- Problem description: Of the lines in the material below, print only those from the one containing "Папка-скоросшиватель предназначена для" to the one containing "Women Summer Fall", ends included, exactly as written and without pictures.

- Extracted entries:

§

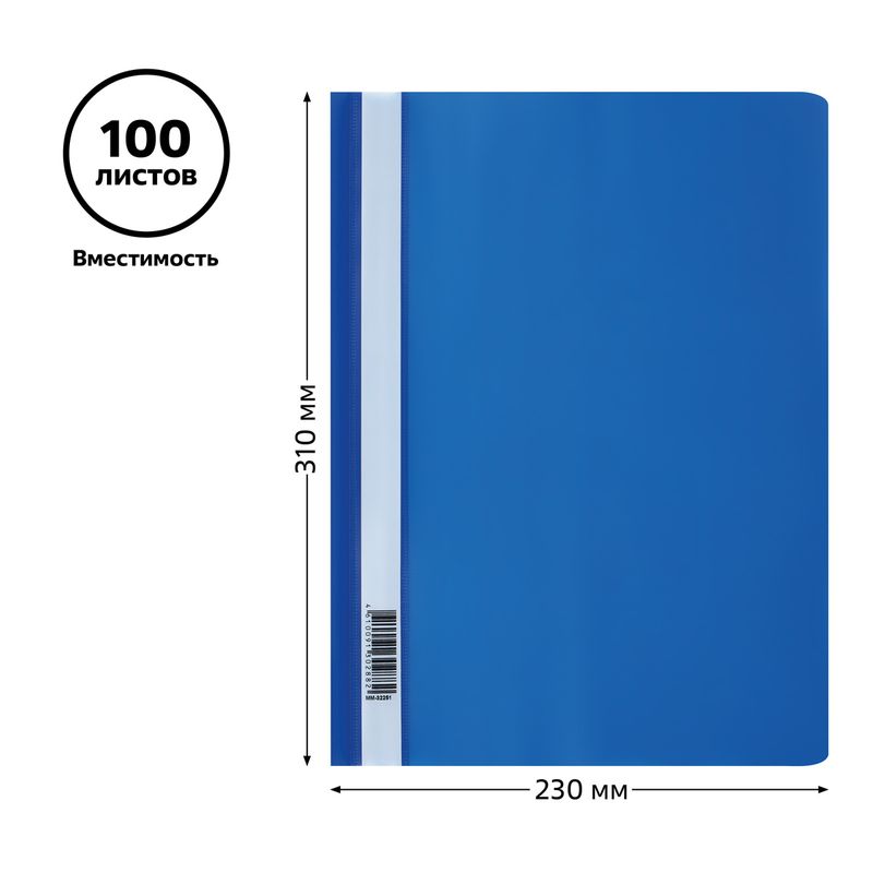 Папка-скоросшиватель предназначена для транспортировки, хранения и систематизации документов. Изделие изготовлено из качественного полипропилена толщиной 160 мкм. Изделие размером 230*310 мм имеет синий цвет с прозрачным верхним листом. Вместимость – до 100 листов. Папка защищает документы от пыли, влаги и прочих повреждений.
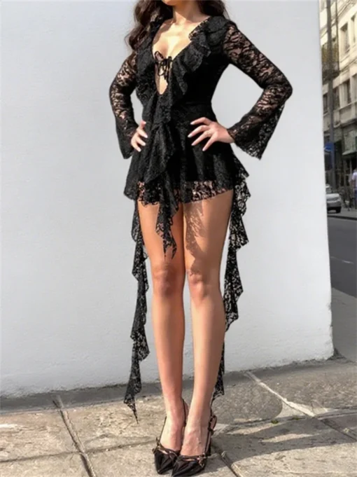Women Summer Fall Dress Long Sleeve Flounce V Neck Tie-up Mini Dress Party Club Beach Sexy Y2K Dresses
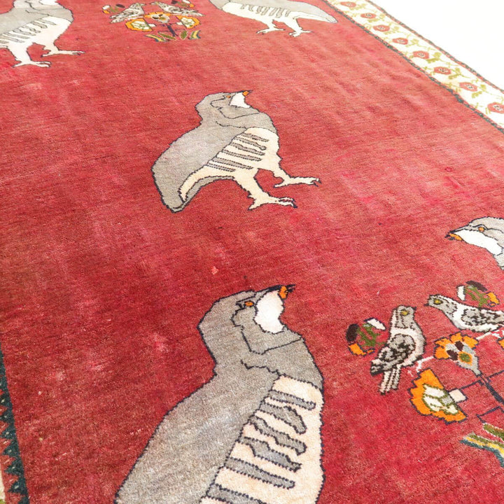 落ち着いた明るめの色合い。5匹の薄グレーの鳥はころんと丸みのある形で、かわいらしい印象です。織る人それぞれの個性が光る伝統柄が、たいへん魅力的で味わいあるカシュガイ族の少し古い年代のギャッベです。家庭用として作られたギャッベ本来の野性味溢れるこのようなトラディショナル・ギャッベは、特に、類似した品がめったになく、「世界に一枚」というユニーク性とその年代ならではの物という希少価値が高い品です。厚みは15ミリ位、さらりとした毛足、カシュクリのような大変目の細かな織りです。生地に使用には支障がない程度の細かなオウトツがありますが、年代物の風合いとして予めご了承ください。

§

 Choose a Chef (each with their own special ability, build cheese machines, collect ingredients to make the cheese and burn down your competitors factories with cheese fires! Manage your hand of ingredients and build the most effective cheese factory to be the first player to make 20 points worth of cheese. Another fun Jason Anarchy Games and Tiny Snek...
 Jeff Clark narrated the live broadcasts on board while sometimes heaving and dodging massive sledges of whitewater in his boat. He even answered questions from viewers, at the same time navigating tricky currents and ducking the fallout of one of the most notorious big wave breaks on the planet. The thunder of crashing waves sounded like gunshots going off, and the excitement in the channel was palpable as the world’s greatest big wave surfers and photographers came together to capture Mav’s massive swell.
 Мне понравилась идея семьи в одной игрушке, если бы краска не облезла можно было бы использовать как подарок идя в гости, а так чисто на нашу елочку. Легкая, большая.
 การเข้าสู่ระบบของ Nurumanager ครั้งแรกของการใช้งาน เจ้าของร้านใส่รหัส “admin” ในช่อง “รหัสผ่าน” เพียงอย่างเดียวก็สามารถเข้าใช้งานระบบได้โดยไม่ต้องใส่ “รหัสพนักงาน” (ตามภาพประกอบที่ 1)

§

- Result of this exercise:
 Папка-скоросшиватель предназначена для транспортировки, хранения и систематизации документов. Изделие изготовлено из качественного полипропилена толщиной 160 мкм. Изделие размером 230*310 мм имеет синий цвет с прозрачным верхним листом. Вместимость – до 100 листов. Папка защищает документы от пыли, влаги и прочих повреждений.
Women Summer Fall Dress Long Sleeve Flounce V Neck Tie-up Mini Dress Party Club Beach Sexy Y2K Dresses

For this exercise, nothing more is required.